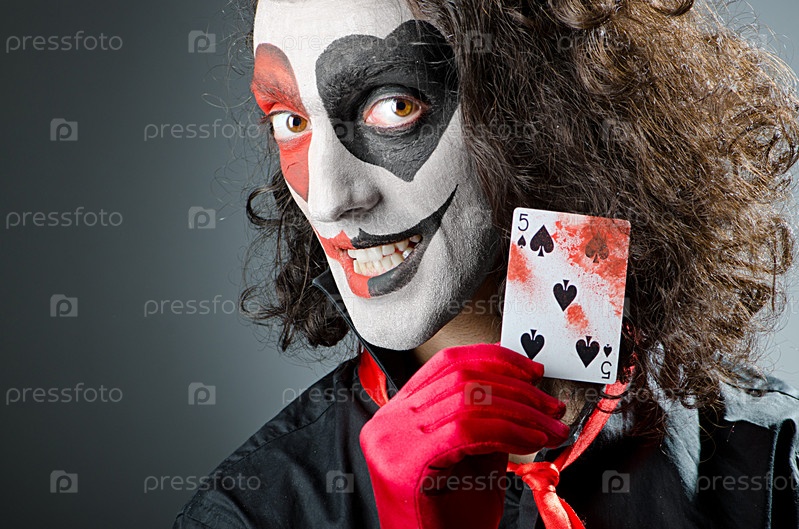 Джокер с маской на лице в студии
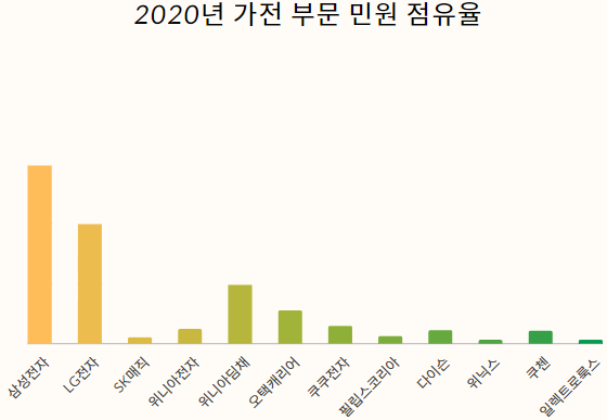 2020년 매출 상위 12개 가전업체를 대상으로 소비자고발센터(www.goso.co.kr)에 접수된 민원을 분석한 결과 업계 1, 2위인 삼성전자, LG전자의 민원이 각각 30%를 웃돌았다. 민원 점유율에 비해 삼성전자(48조1700억 원)와 LG전자(35조4489억 원)매출 규모가 차지하는 비중이 훨씬 더 커 민원관리는 우수한 것으로 볼 수 있다.
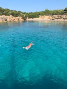 Een warm welkom in de ochtend door de crew met koffie/jus en croissantje, een eigen zonnebed op het zonnedek van de houten boot, enkele zwemstops in de prachtige baaien én in de middag een uitgebreid Griekse buffetlunch met drankjes aan boord van de MS Christina, dit allemaal maakt de dagcruise tot een highlight van uw vakantie op Lefkas!
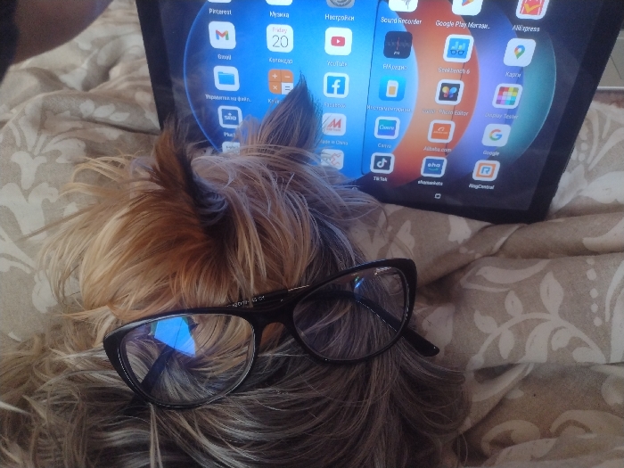 The scene depicts a small, long-haired dog, consistent with a Yorkshire Terrier, lying on a light-colored, patterned bedding material. A pair of black-framed eyeglasses rests on the dog's head, with the lenses reflecting a blue light source. Behind the dog, a black tablet computer is propped vertically, its screen illuminated and displaying a grid of application icons, some with labels in Bulgarian (e.g., "Настройки," "Музика," "Календар" displaying "20") and English (e.g., Pinterest, Google, Facebook, YouTube, AliExpress, TikTok). The environment is an indoor setting, located in Burgas, Bulgaria.
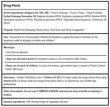 Progena Allergena GTW (Zone 5) For Kids offers homeopathic relief from discomfort caused by grasses, trees, and weeds for the eyes, nose, and sinus.
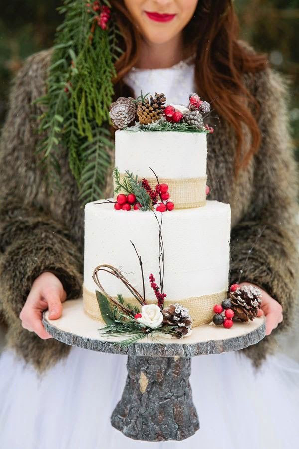 Торт Белый Двухъярусный Мастика Коричневый Лента Красный Декоративные плоды
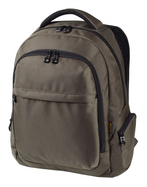 Hauptfach mit gepolstertem Notebookfach und Einsteckfach; große gepolsterte Reißverschluss-Vortasche mit Einsteckfächern, Schlüsselanhänger und Handytasche; Reißverschluss-Vortasche; seitliche Reißverschluss-Taschen; gepolsterter Rücken, Schultergurte und Handgriff
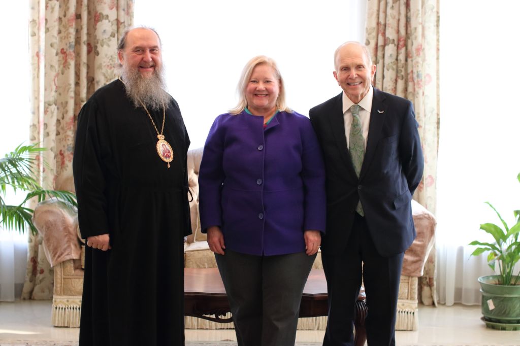 После экскурсии по собору в резиденции Главы Православной Церкви Казахстана посла США с супругой принял митрополит Астанайский и Казахстанский Александр.
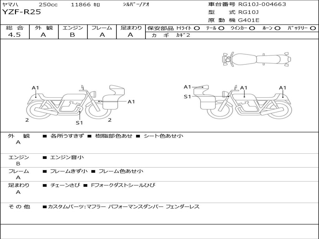 | Номер рамы / VIN | RG10J-004663 |
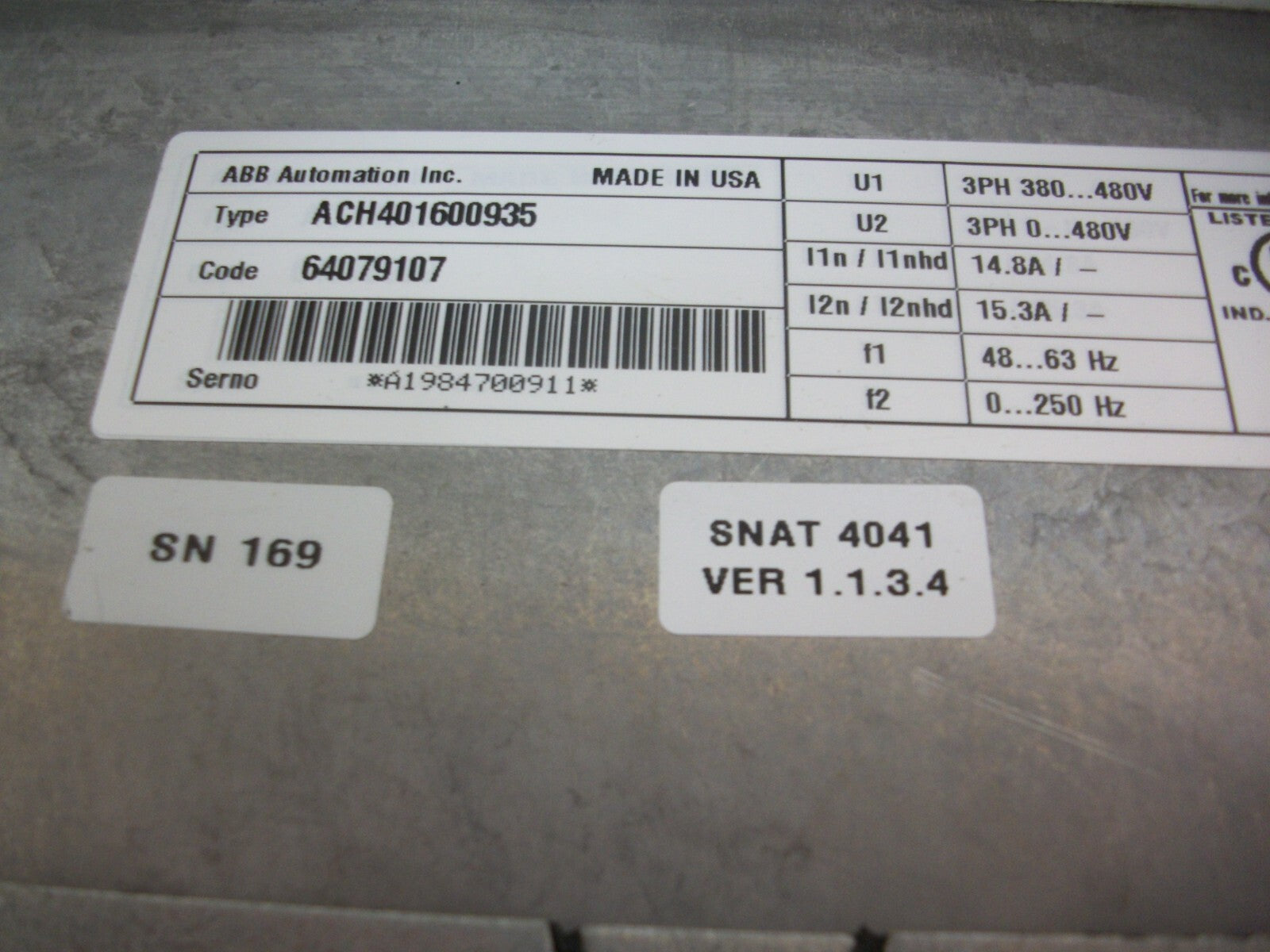 ABB AC DRIVE ACH401600935 480VOLT 3PH 15.3AMP W/DISCONNECT BOX
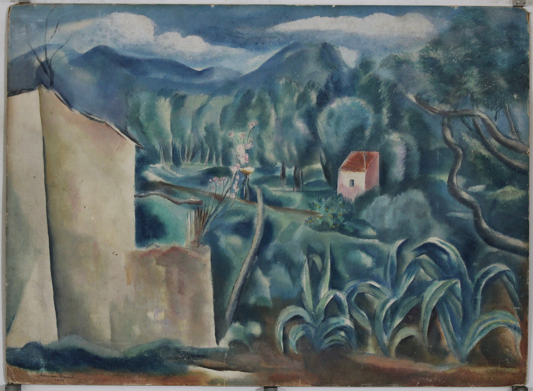 Prix régulier €2.000,00L'œuvre originale de 1923, intitulée « Campagne provençale » et signée Hermine David, est une peinture saisissante représentant le paysage pittoresque de Provence. Réalisée à la gouache et à l'huile sur panneau, elle se distingue par la richesse de ses textures et l'éclat de ses couleurs, capturant la beauté naturelle et la sérénité du paysage provençal.
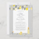 Célébration colorée de baby showers jaunes et gris, conception de baby showers virtuels en ligne avec calligraphie et script en gris, disposés dans une bordure amusante entourée de bannières et de confettis de drapeau coordonnés. En bas de la conception, vous trouverez plus de confettis ainsi qu'une biberon, un canard en caoutchouc, une sucette et des épingles de couches. Pour obtenir de meilleurs résultats, suivez les instructions du modèle et l'espacement lors de la saisie de vos données. Le dos de la carte est un motif à pois gris ultime sur un arrière - plan jaune illuminant et correspond à l'un des drapeaux de la bannière. Envoyez un courriel à invitationsuites@gmail.com avec des questions ou des demandes personnalisées.
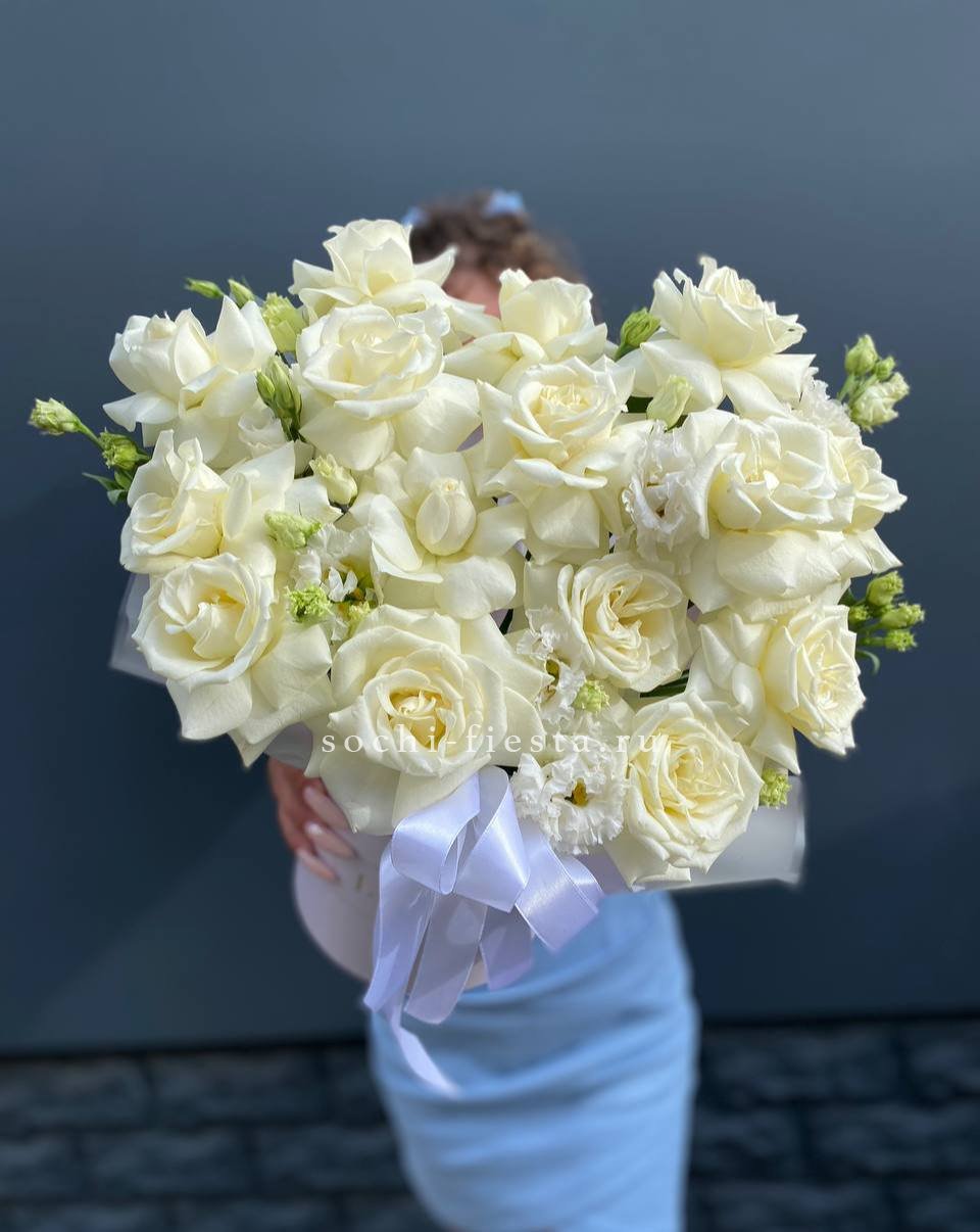 Белые розы и эустома образуют монохромную гамму с чистыми линиями. Эвкалипт добавляет свежести и завершает лаконичную форму композиции.
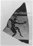 | Description: | Nude figure dancing right with left arm outstretched and left knee raised. The hair is colored purple; details of anatomy very carefully executed. The top of the fragment shows the line of demarcation of the rim. Attic clay; black glaze inside. | |
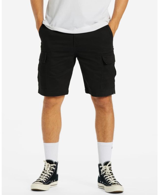 Short cargo Billabong Combat negro para hombre en sarga de algodón con ajuste relajado y 6 bolsillos funcionales.

What the task requires:
Each line from the first line of the entries through the line containing "Een warm welkom" should be duplicated word for word, and nothing more; the pictures stay out.

Result of this exercise:
 Джокер с маской на лице в студии
 2020년 매출 상위 12개 가전업체를 대상으로 소비자고발센터(www.goso.co.kr)에 접수된 민원을 분석한 결과 업계 1, 2위인 삼성전자, LG전자의 민원이 각각 30%를 웃돌았다. 민원 점유율에 비해 삼성전자(48조1700억 원)와 LG전자(35조4489억 원)매출 규모가 차지하는 비중이 훨씬 더 커 민원관리는 우수한 것으로 볼 수 있다.
 Een warm welkom in de ochtend door de crew met koffie/jus en croissantje, een eigen zonnebed op het zonnedek van de houten boot, enkele zwemstops in de prachtige baaien én in de middag een uitgebreid Griekse buffetlunch met drankjes aan boord van de MS Christina, dit allemaal maakt de dagcruise tot een highlight van uw vakantie op Lefkas!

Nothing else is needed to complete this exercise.